Description of the task → The answer must reproduce every record exactly, with all pictures omitted.
*** Opening of Material for this exercise ***
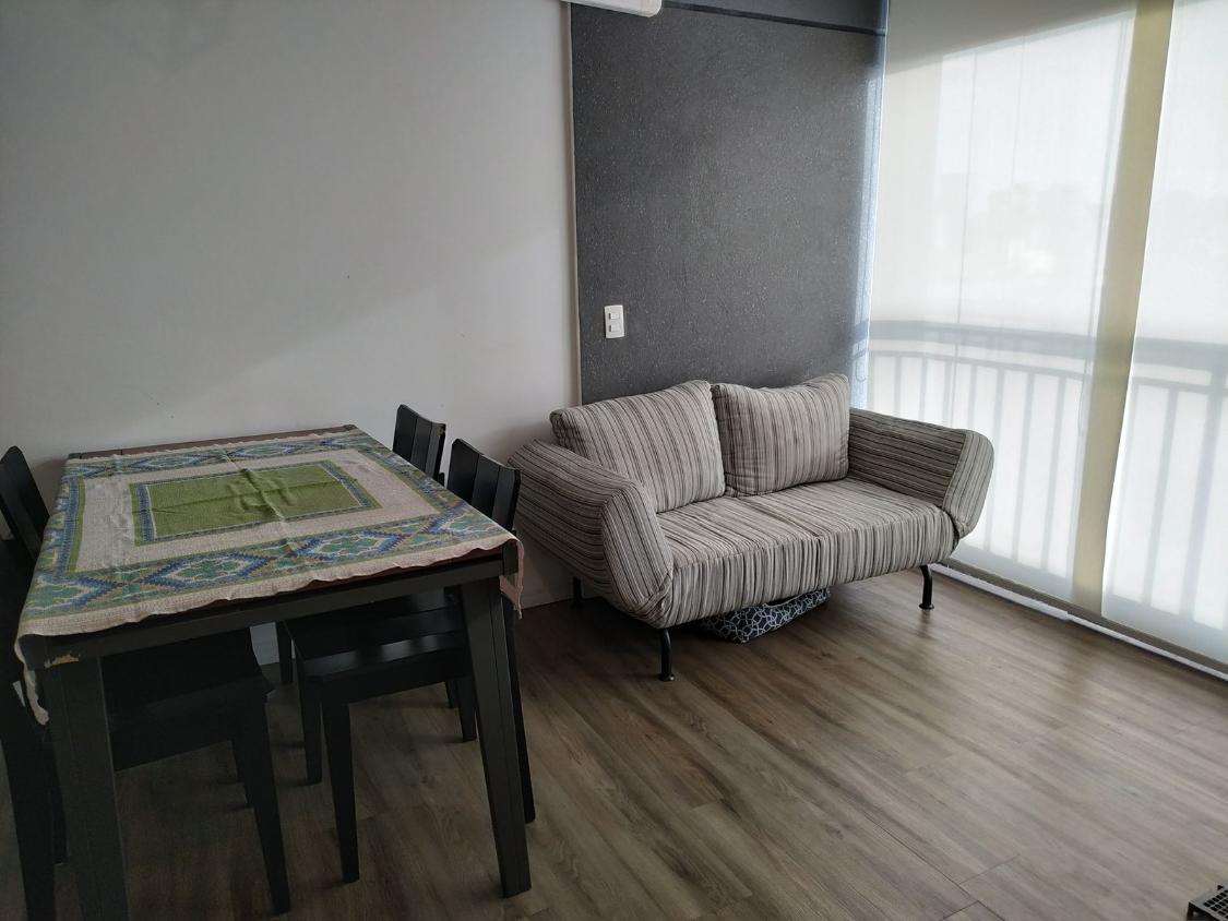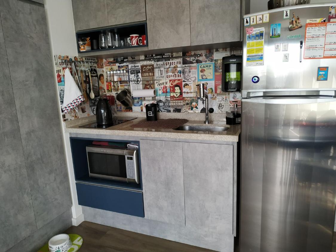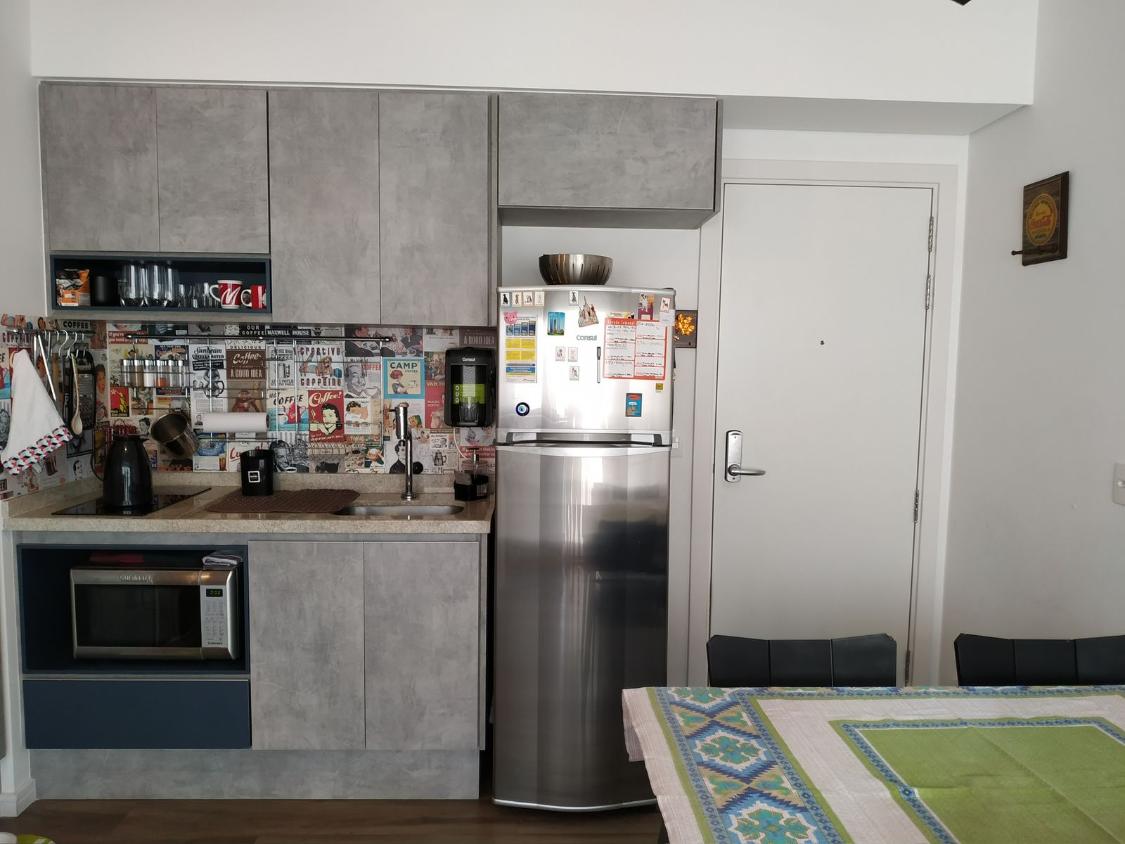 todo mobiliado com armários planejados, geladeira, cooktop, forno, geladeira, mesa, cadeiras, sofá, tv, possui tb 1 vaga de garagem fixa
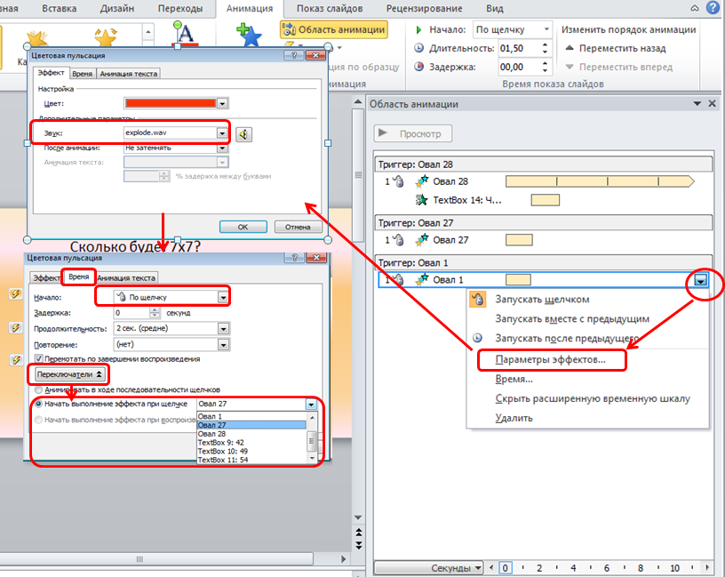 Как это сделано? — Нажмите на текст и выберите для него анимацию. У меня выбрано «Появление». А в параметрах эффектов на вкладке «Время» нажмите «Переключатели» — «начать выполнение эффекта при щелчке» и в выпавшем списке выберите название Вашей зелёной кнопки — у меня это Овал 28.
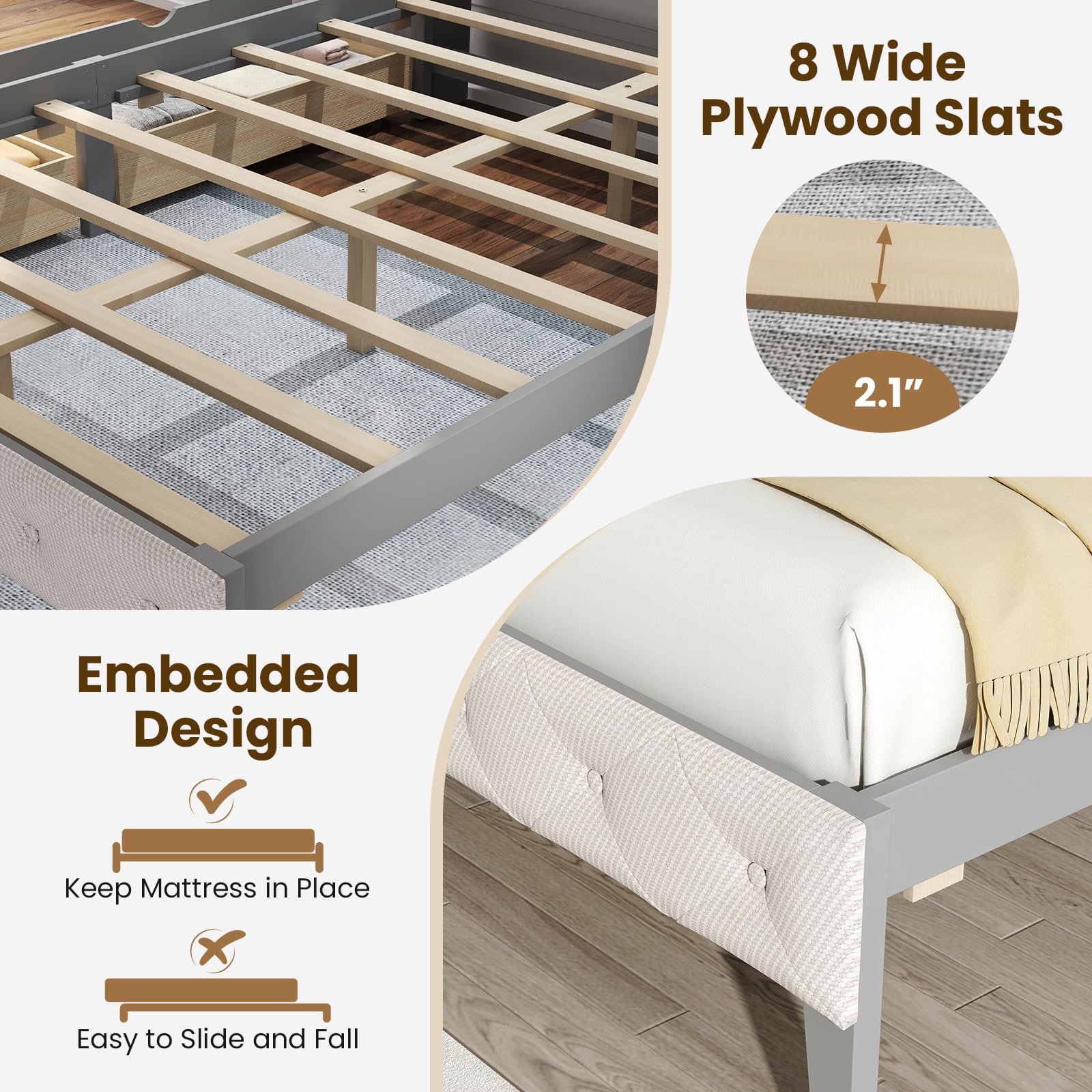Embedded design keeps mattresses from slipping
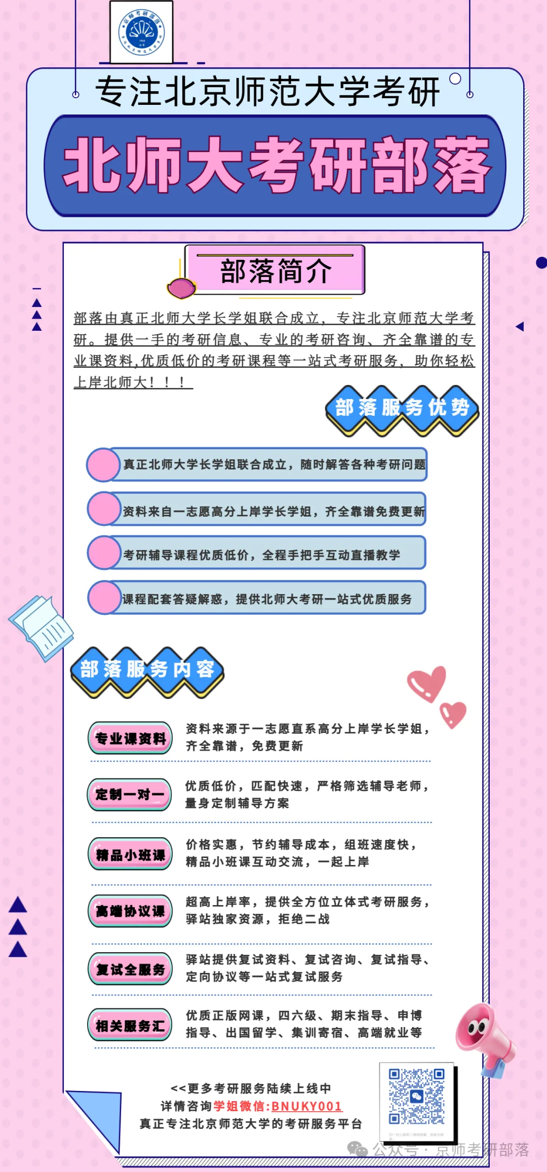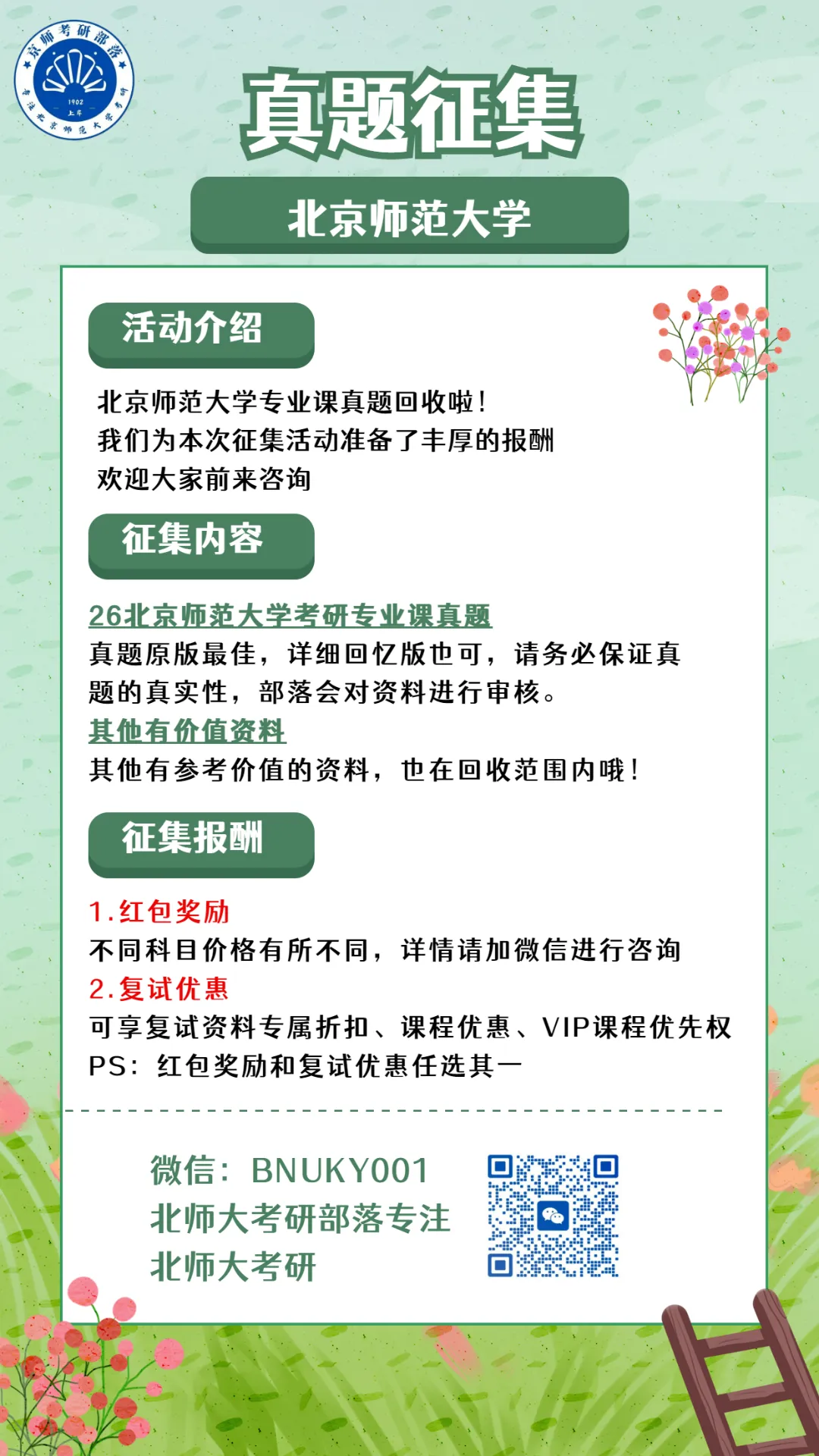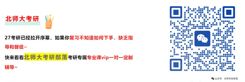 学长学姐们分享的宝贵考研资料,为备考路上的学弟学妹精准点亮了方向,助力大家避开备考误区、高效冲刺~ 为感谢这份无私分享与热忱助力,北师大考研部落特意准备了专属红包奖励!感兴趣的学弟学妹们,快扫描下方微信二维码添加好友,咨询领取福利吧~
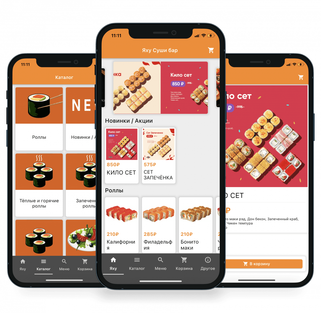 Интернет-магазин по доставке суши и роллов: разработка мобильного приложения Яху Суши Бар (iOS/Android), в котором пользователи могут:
*** Close of Material for this exercise ***
Solution below →
 todo mobiliado com armários planejados, geladeira, cooktop, forno, geladeira, mesa, cadeiras, sofá, tv, possui tb 1 vaga de garagem fixa
 Как это сделано? — Нажмите на текст и выберите для него анимацию. У меня выбрано «Появление». А в параметрах эффектов на вкладке «Время» нажмите «Переключатели» — «начать выполнение эффекта при щелчке» и в выпавшем списке выберите название Вашей зелёной кнопки — у меня это Овал 28.
Embedded design keeps mattresses from slipping
 学长学姐们分享的宝贵考研资料,为备考路上的学弟学妹精准点亮了方向,助力大家避开备考误区、高效冲刺~ 为感谢这份无私分享与热忱助力,北师大考研部落特意准备了专属红包奖励!感兴趣的学弟学妹们,快扫描下方微信二维码添加好友,咨询领取福利吧~
 Интернет-магазин по доставке суши и роллов: разработка мобильного приложения Яху Суши Бар (iOS/Android), в котором пользователи могут:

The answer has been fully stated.